To do:
Go through the listing and set it down exactly, leaving out its pictures.

Dataset section:
:::

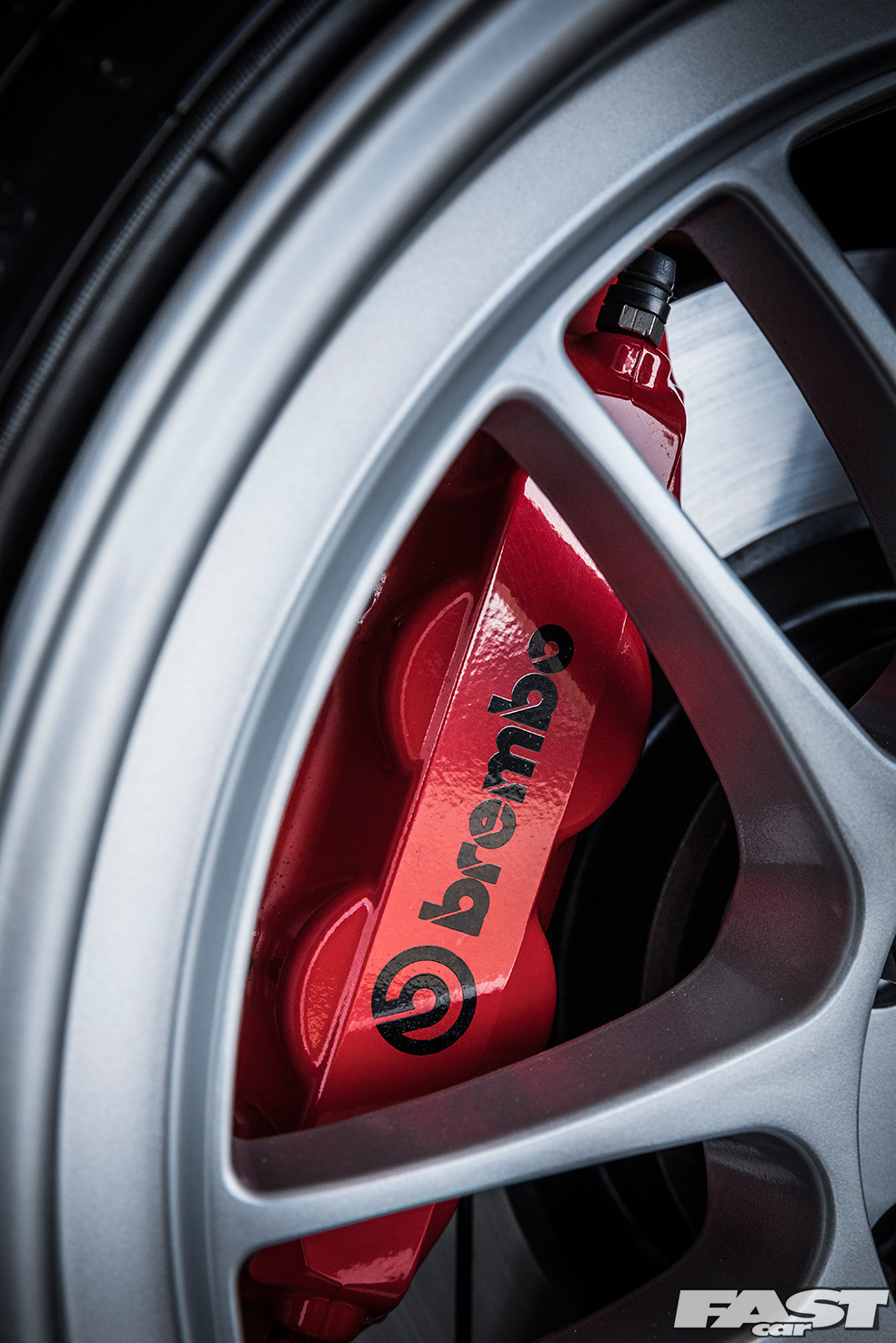 They have since treated the silver exterior to plenty of additional goodies to help signify this special beast from the rest. You’ll probably have noticed the sea of genuine carbon fibre panels that contrast the bright bodywork, for example, as well as those Japan Racing alloys that house a huge Brembo brake kit on the front two corners, all helping the overall product to look nothing short of delicious.
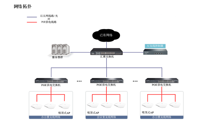 辦公職員通過無線網(wǎng)絡(luò)可以在辦公區(qū)內(nèi)隨時(shí)地接入企業(yè)內(nèi)部網(wǎng)絡(luò)和Internet,來完成各種業(yè)務(wù)工作的處理。另外WLAN網(wǎng)絡(luò)解決以往的有線端口接入限制、硬件維護(hù)工作繁瑣、線路多、可移動(dòng)性弱等問題,對(duì)企業(yè)網(wǎng)絡(luò)管理人員也是一個(gè)實(shí)質(zhì)性的變革。
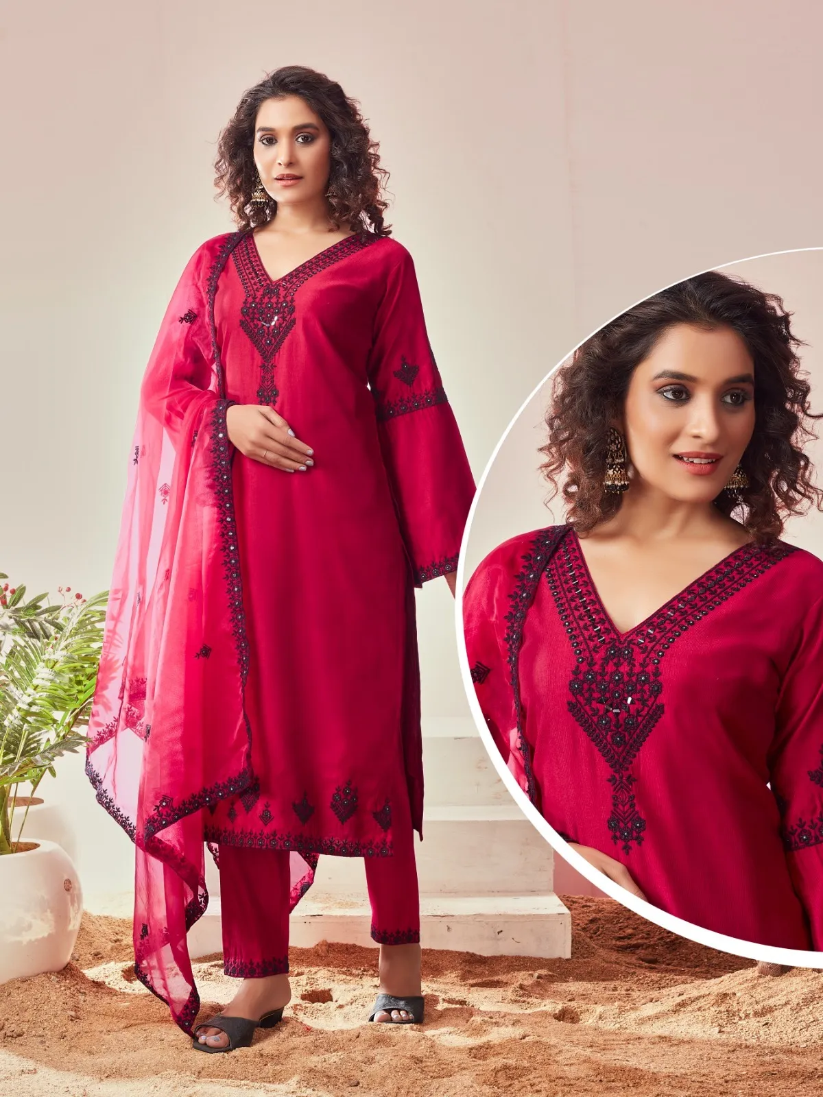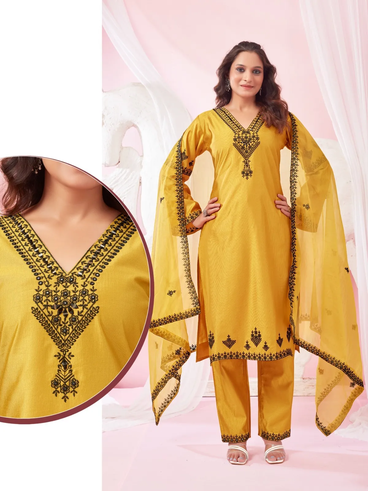 | Dupatta | Organza with embroidery work |
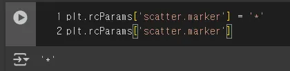 하지만 이는 해당 pyplot의 기본 값을 바꾼 형태이기 때문에, 이후 생성되는 모든 산점도의 마커가 별(*)모양으로 표기되게 된다.

:::

Task result:
 They have since treated the silver exterior to plenty of additional goodies to help signify this special beast from the rest. You’ll probably have noticed the sea of genuine carbon fibre panels that contrast the bright bodywork, for example, as well as those Japan Racing alloys that house a huge Brembo brake kit on the front two corners, all helping the overall product to look nothing short of delicious.
 辦公職員通過無線網(wǎng)絡(luò)可以在辦公區(qū)內(nèi)隨時(shí)地接入企業(yè)內(nèi)部網(wǎng)絡(luò)和Internet,來完成各種業(yè)務(wù)工作的處理。另外WLAN網(wǎng)絡(luò)解決以往的有線端口接入限制、硬件維護(hù)工作繁瑣、線路多、可移動(dòng)性弱等問題,對(duì)企業(yè)網(wǎng)絡(luò)管理人員也是一個(gè)實(shí)質(zhì)性的變革。
 | Dupatta | Organza with embroidery work |
 하지만 이는 해당 pyplot의 기본 값을 바꾼 형태이기 때문에, 이후 생성되는 모든 산점도의 마커가 별(*)모양으로 표기되게 된다.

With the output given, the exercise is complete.